• **Work task**
Please give back the listing below word for word, without the images.

• **Source data**
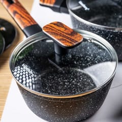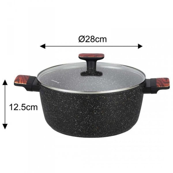 - Materiał i powłoka marmurkowa: Garnki wykonane są z odlewanego aluminium pokrytego powłoką marmurkową, która zapewnia doskonałe właściwości nieprzywierające. Powłoka jest odporna na zarysowania, dzięki czemu garnki są bardziej trwałe, a przy tym łatwe do czyszczenia. Naczynia można myć w zmywarkach na delikatnych programach ale dla zachowania nienagannego wyglądu przez długi czas zalecane jest mycie ręczne.
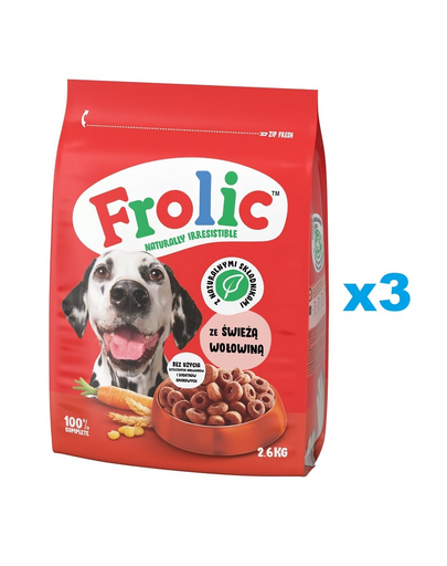 FROLIC Naturally Irresistible 3×2,6 kg hrana semi-umeda pentru caini, cu vita
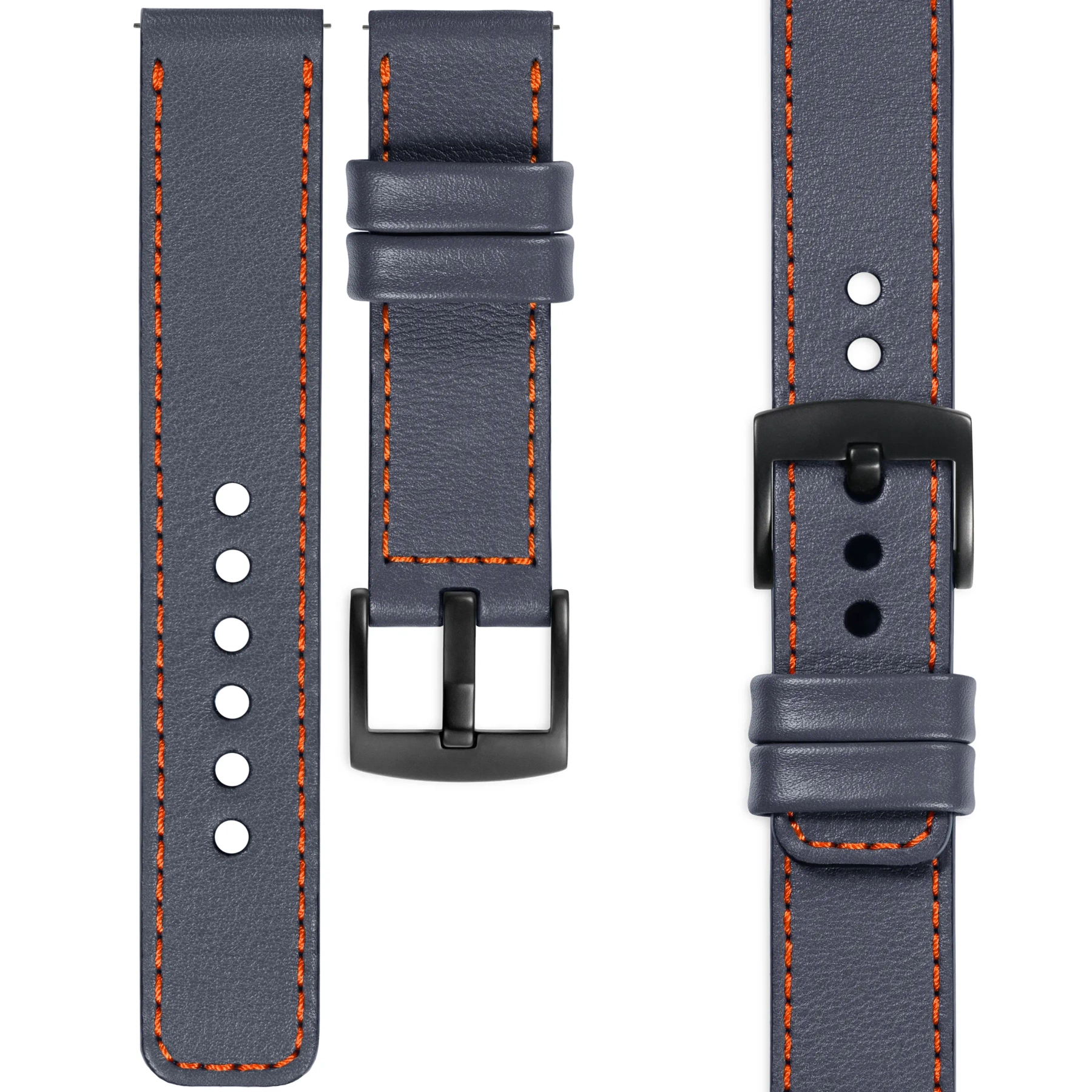 moVear Prestige C1 20mm Leather strap for watch / smartwatch | Steel gray, elegant Dark Orange stitching
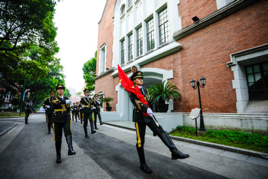 為慶祝中華人民共和國成立73周年,喜迎黨的二十大勝利召開,10月1日清晨,學(xué)校在軍工路校區(qū)北區(qū)國旗廣場舉行升旗儀式。校長丁曉東,黨委副書記、紀委書記劉道平,黨委副書記孫躍東,黨委副書記、副校長盛春,部分黨政部門和學(xué)院黨組織負責(zé)同志,師生代表約300人參加儀式。儀式由盛春主持。
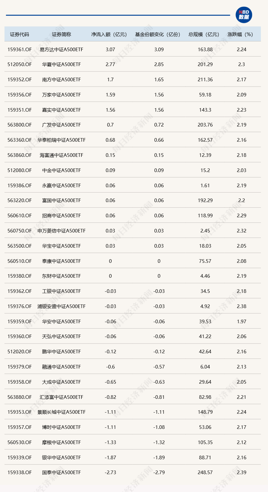 此外,当天场内29只中证A500ETF合计净流入2.04亿元。
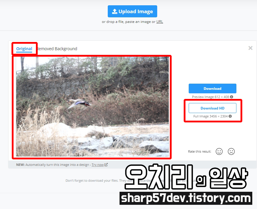 이는 지금 누끼를 딴 이미지이고 [Oriiginal] 탭을 누르면 배경을 지우기 전 본 이미지가 나타납니다.
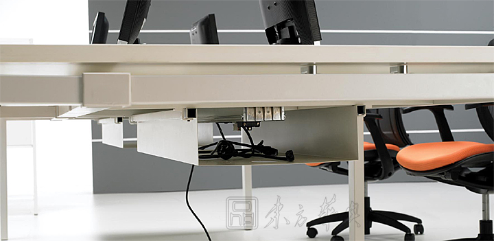 ※ 上图为会议台台下线盒细节展示,收纳电线避免凌乱,搁放插板插排方便,给我们一个整洁,干净的办公环境!
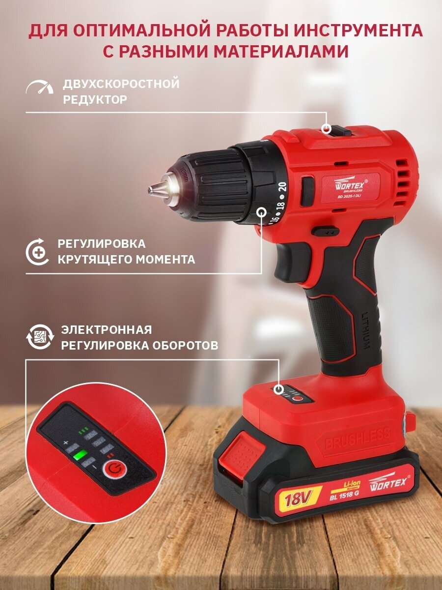 Аккум. дрель-шуруповерт WORTEX BD 2025-1 DLi в чем. (18.0 В, бесщёточный, 2 акк., 1.5 А/ч Li-Ion, 2 скор., 50 Нм, шурупы до 9 мм) (BD20251DLi1029)

• **Solution to this task**
 - Materiał i powłoka marmurkowa: Garnki wykonane są z odlewanego aluminium pokrytego powłoką marmurkową, która zapewnia doskonałe właściwości nieprzywierające. Powłoka jest odporna na zarysowania, dzięki czemu garnki są bardziej trwałe, a przy tym łatwe do czyszczenia. Naczynia można myć w zmywarkach na delikatnych programach ale dla zachowania nienagannego wyglądu przez długi czas zalecane jest mycie ręczne.
 FROLIC Naturally Irresistible 3×2,6 kg hrana semi-umeda pentru caini, cu vita
 moVear Prestige C1 20mm Leather strap for watch / smartwatch | Steel gray, elegant Dark Orange stitching
 為慶祝中華人民共和國成立73周年,喜迎黨的二十大勝利召開,10月1日清晨,學(xué)校在軍工路校區(qū)北區(qū)國旗廣場舉行升旗儀式。校長丁曉東,黨委副書記、紀委書記劉道平,黨委副書記孫躍東,黨委副書記、副校長盛春,部分黨政部門和學(xué)院黨組織負責(zé)同志,師生代表約300人參加儀式。儀式由盛春主持。
 此外,当天场内29只中证A500ETF合计净流入2.04亿元。
 이는 지금 누끼를 딴 이미지이고 [Oriiginal] 탭을 누르면 배경을 지우기 전 본 이미지가 나타납니다.
 ※ 上图为会议台台下线盒细节展示,收纳电线避免凌乱,搁放插板插排方便,给我们一个整洁,干净的办公环境!
 Аккум. дрель-шуруповерт WORTEX BD 2025-1 DLi в чем. (18.0 В, бесщёточный, 2 акк., 1.5 А/ч Li-Ion, 2 скор., 50 Нм, шурупы до 9 мм) (BD20251DLi1029)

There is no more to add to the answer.